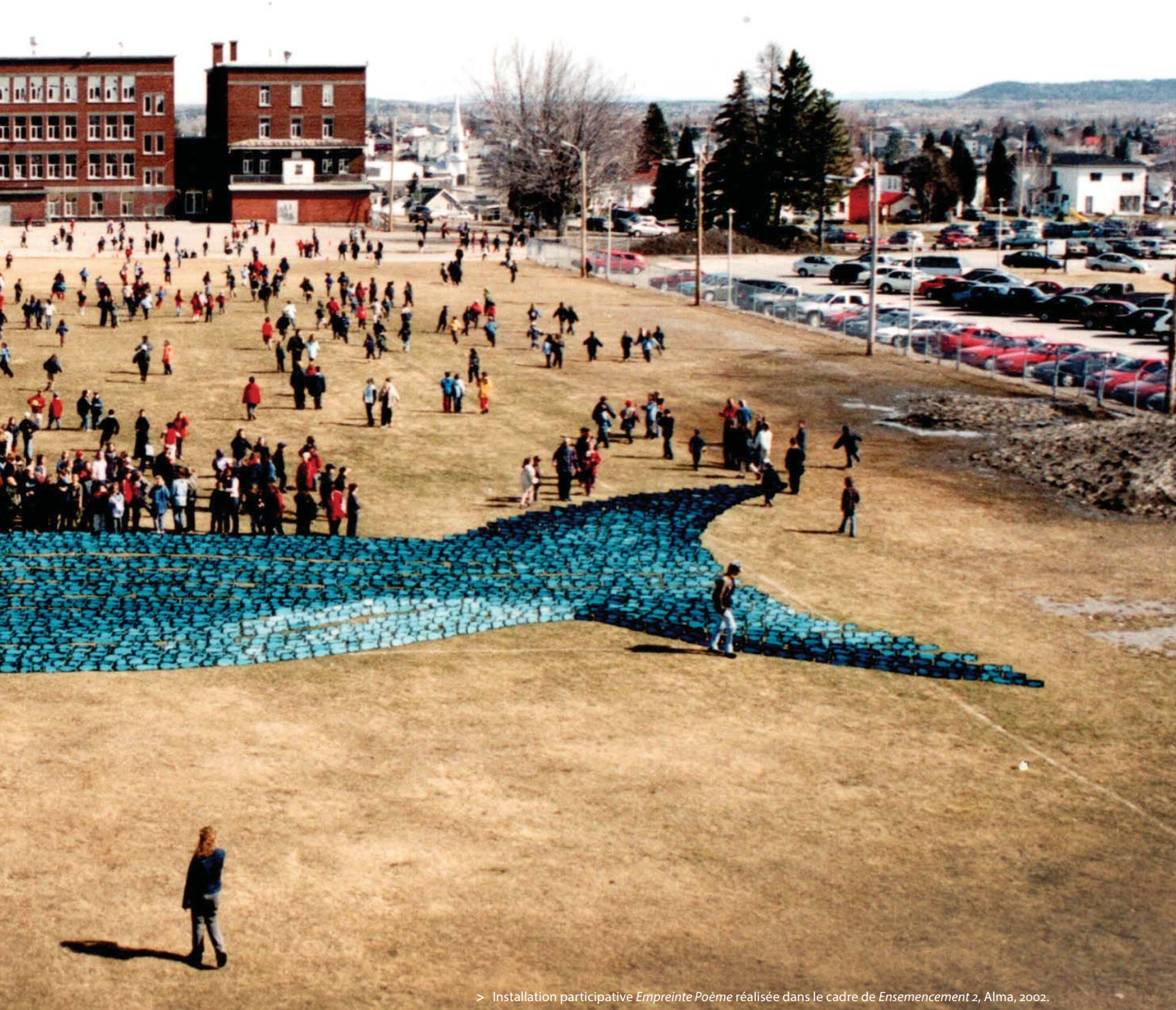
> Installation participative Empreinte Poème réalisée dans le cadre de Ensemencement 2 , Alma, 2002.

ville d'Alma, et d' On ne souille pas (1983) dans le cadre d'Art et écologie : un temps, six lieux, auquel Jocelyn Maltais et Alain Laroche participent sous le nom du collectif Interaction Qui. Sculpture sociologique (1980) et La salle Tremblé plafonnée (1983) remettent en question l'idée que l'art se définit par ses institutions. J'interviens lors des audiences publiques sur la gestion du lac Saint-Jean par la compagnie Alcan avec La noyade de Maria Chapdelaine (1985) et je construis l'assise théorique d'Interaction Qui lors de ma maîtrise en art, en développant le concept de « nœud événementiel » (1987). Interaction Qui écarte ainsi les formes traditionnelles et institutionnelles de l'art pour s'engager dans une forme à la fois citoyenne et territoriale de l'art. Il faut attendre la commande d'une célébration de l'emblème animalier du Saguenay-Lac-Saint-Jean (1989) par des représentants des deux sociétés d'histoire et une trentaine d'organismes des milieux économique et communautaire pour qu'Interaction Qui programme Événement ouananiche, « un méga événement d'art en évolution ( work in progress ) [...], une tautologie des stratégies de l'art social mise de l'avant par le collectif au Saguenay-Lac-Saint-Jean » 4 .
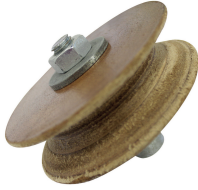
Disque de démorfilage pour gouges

PROBLEM REQUIREMENTS => Wherever the word "cadre" shows up in the material, copy the line it is on.

WRITTEN REPLY =>
> Installation participative Empreinte Poème réalisée dans le cadre de Ensemencement 2 , Alma, 2002.
ville d'Alma, et d' On ne souille pas (1983) dans le cadre d'Art et écologie : un temps, six lieux, auquel Jocelyn Maltais et Alain Laroche participent sous le nom du collectif Interaction Qui. Sculpture sociologique (1980) et La salle Tremblé plafonnée (1983) remettent en question l'idée que l'art se définit par ses institutions. J'interviens lors des audiences publiques sur la gestion du lac Saint-Jean par la compagnie Alcan avec La noyade de Maria Chapdelaine (1985) et je construis l'assise théorique d'Interaction Qui lors de ma maîtrise en art, en développant le concept de « nœud événementiel » (1987). Interaction Qui écarte ainsi les formes traditionnelles et institutionnelles de l'art pour s'engager dans une forme à la fois citoyenne et territoriale de l'art. Il faut attendre la commande d'une célébration de l'emblème animalier du Saguenay-Lac-Saint-Jean (1989) par des représentants des deux sociétés d'histoire et une trentaine d'organismes des milieux économique et communautaire pour qu'Interaction Qui programme Événement ouananiche, « un méga événement d'art en évolution ( work in progress ) [...], une tautologie des stratégies de l'art social mise de l'avant par le collectif au Saguenay-Lac-Saint-Jean » 4 .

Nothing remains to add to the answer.